As no one else was getting ready to go out, so my brother, sister and I decided we should be first to test the water. The conditions were almost perfect with the tide being incoming and the wind coming from the north east, which made it fairly safe. We were all rigged up and so we made the long and fairly tricky walk to the water, as the pebbles were smooth and with your wet boots on, it meant you had to tread quite carefully.

We slowly ventured out to sea which I found quite difficult because of the low tide it meant some three foot waves were starting to roll in, which add to the fact I was on a wobbly 285 with little wind and it made an interesting situation. As I turned around I could see my younger sister Jane was finding the conditions particularly challenging. The waves were not all bad news it meant as you came back in you could ride and do turns on them. As I ventured further and further out and the wind began to pick up, the lumpy swells started to get bigger which was good because in the conditions we had, were you were struggling to get planning, you could get onto a swell which gave you just enough speed to get onto the plane. Geoff Pook and Tony Low were still going in all the lulls on their long boards. Then a few more of the Nomads were coming afloat and by now the wind was a bit more steady and the swell died down.

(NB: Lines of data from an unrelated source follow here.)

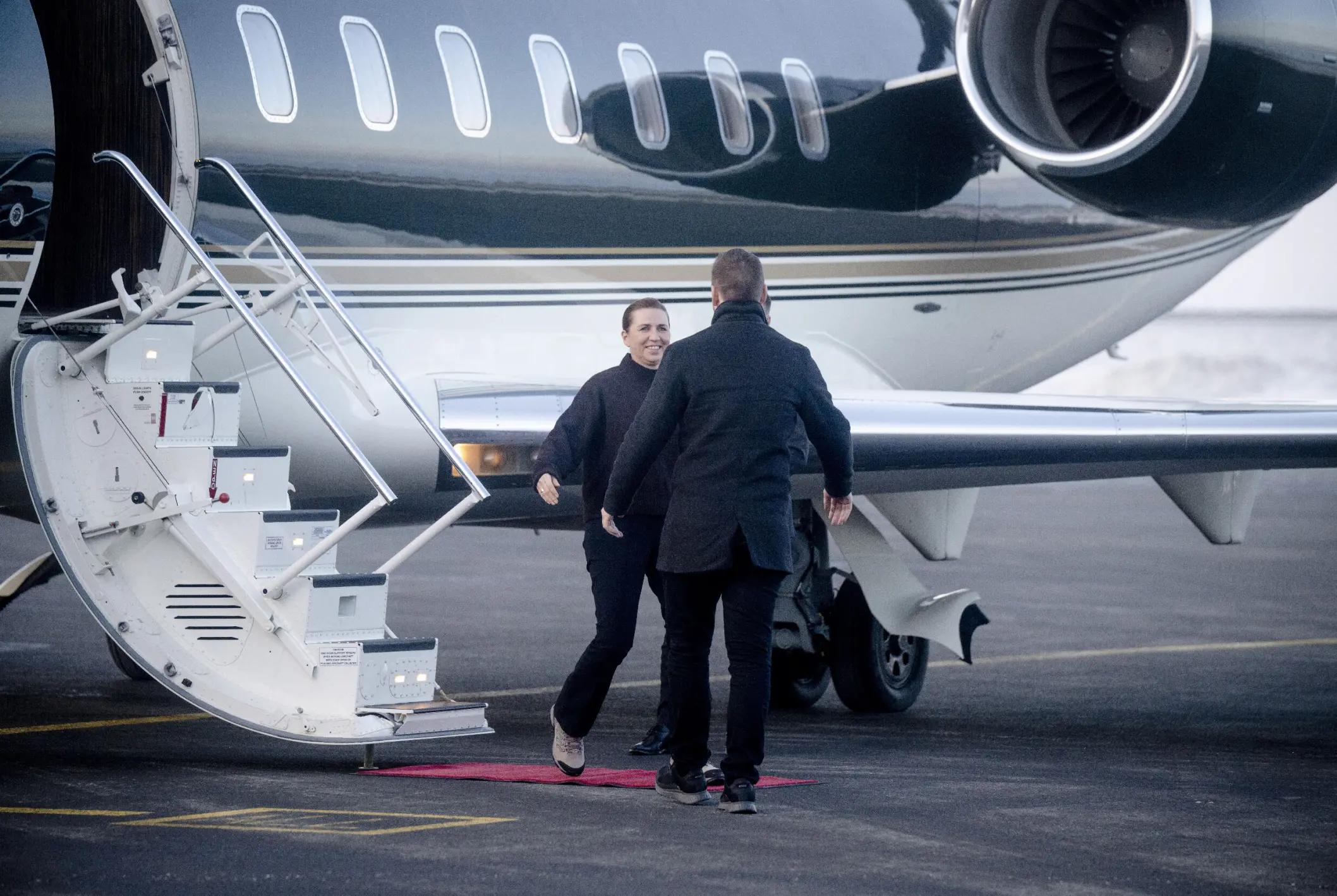 Her forlader Mette Frederiksen og Jens-Frederik Nielsen lufthavnen.
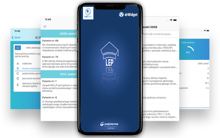 Korzystając z aplikacji mobilnej DrWidget LEP, w wygodny sposób można przygotować się do Lekarskiego Egzaminu Końcowego. Użytkownicy znajdą tutaj bazę testów egzaminacyjnych z lat 2008-2012. Wystarczy pobrać aplikację na telefon, aby móc uczyć się w dowolnym momencie.
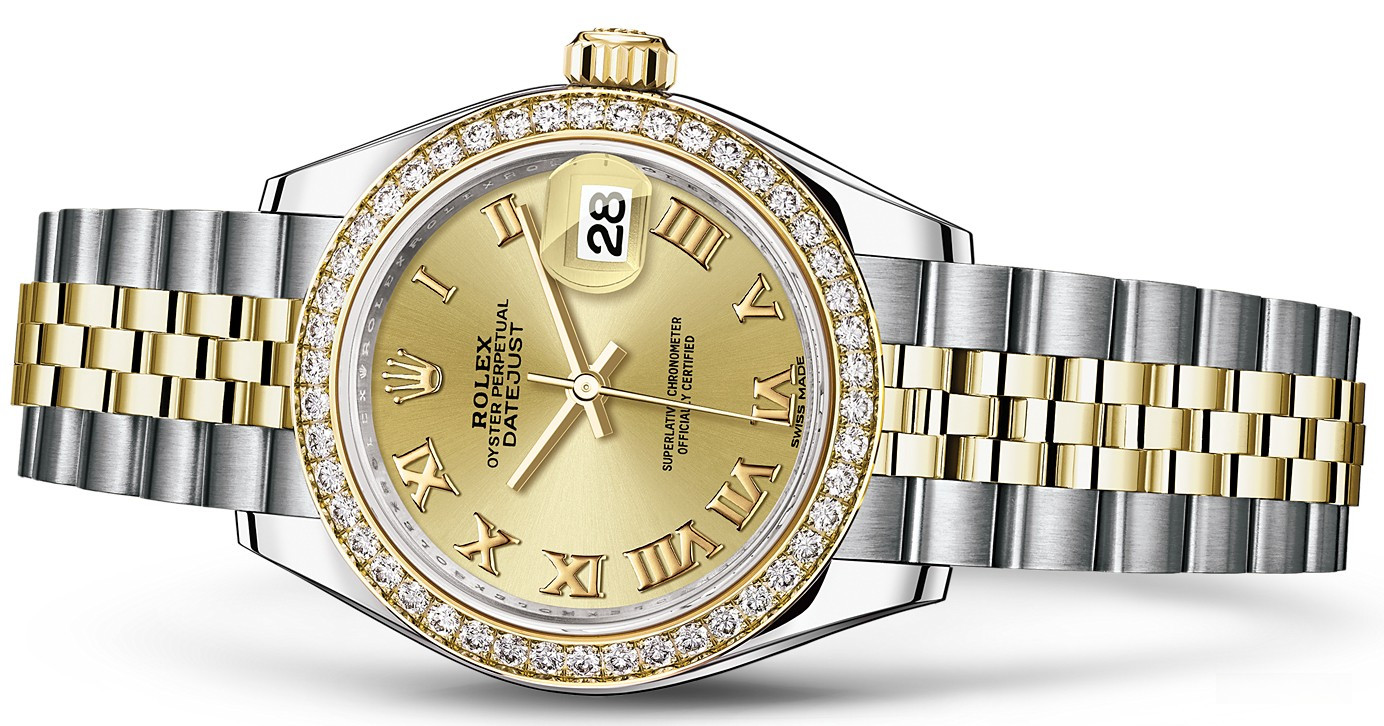 Часы Rolex Lady-Datejust изготовляются из нержавеющей стали и желтого золота 18к и отличаются новым циферблатом, который подчеркивает обновленный облик модели. Циферблат золотистый, безель из белых бриллиантов. Модель Lady-Datejust оснащена калибром 2236 – механизмом нового поколения с функцией автоматического подзавода, который полностью разработан и изготовлен Ролексом. Данный механизм включает в себя кремниевую спираль Syloxi, запатентованную Ролексом, которая позволяет ему достигать хронометрической сверхточности, уникальной для женской модели часов. Этот механизм отмечен сертификатом Швейцарского хронометра, который выдан Официальным швейцарским институтом хронометрии (COSC). Часы комплектуются браслетом из нержавеющей стали и желтого золота 18к.
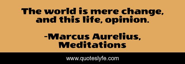 This page presents the quote "The world is mere change, and this life, opinion.". Author of this quote is Marcus Aurelius, Meditations. This quote is about spirituality, roman, philosophy-of-life, psychology,.
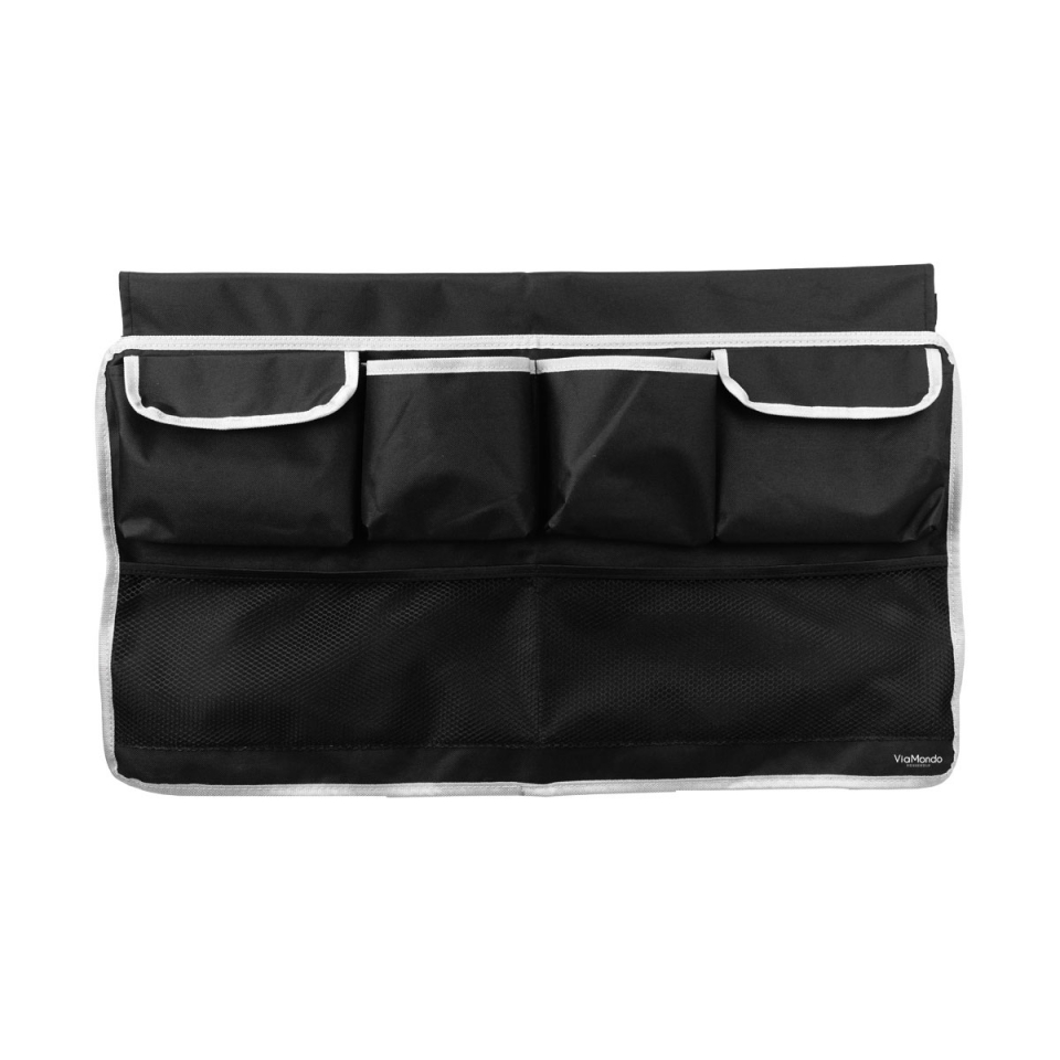 Materiál 600D polyester. Černá barva. 4 malé kapsy a 2 velké síťované kapsy. Rozměry 70 x 35 cm.
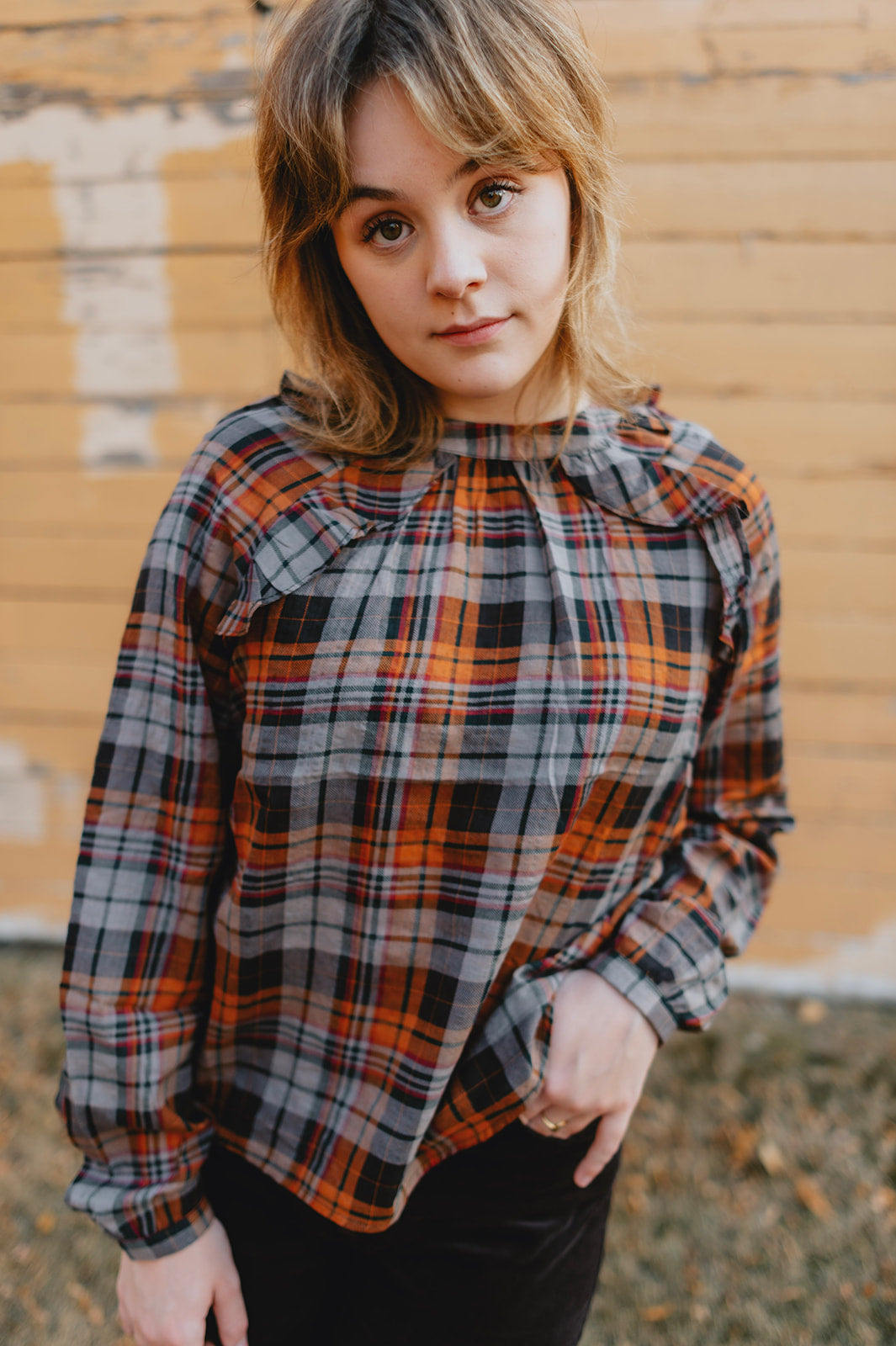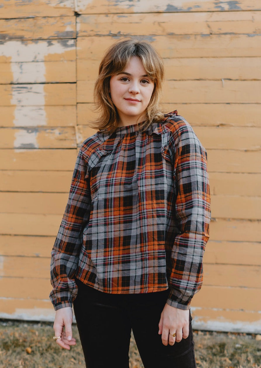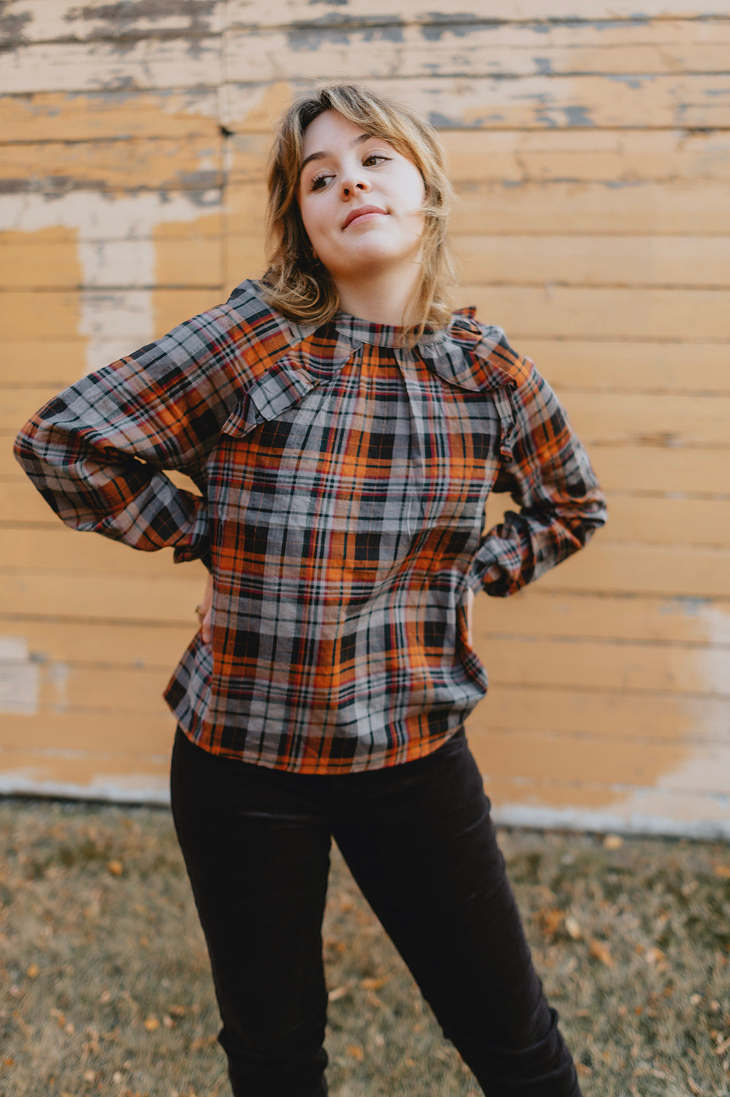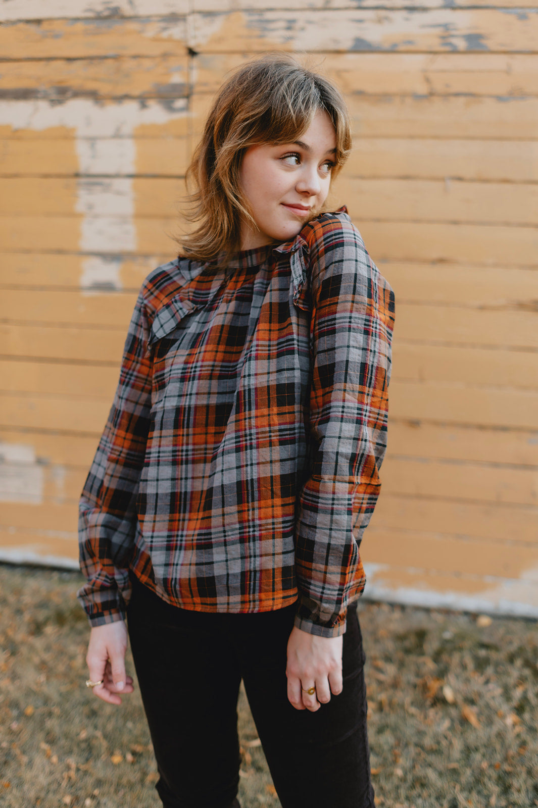The Amora Plaid Blouse is the prettiest blouse featuring a cut out back, and ruffle details on the front. Tuck her into trousers, or some denim for a more casual look.

Conditions remained good for the rest of the day, when I eventually came in I was surprised I had been out for so long, I guess time does fly when your having fun. We slowly put all the kit on the trailer and one by one everyone else s1~9 came off the water. Even when we were all packed up ready to go Nigel Rudgyard and a few others were still sailing. We then said our goodbyes, everybody really enjoyed their day, I enjoyed mine and I look forward to meeting up with Nomads in future events.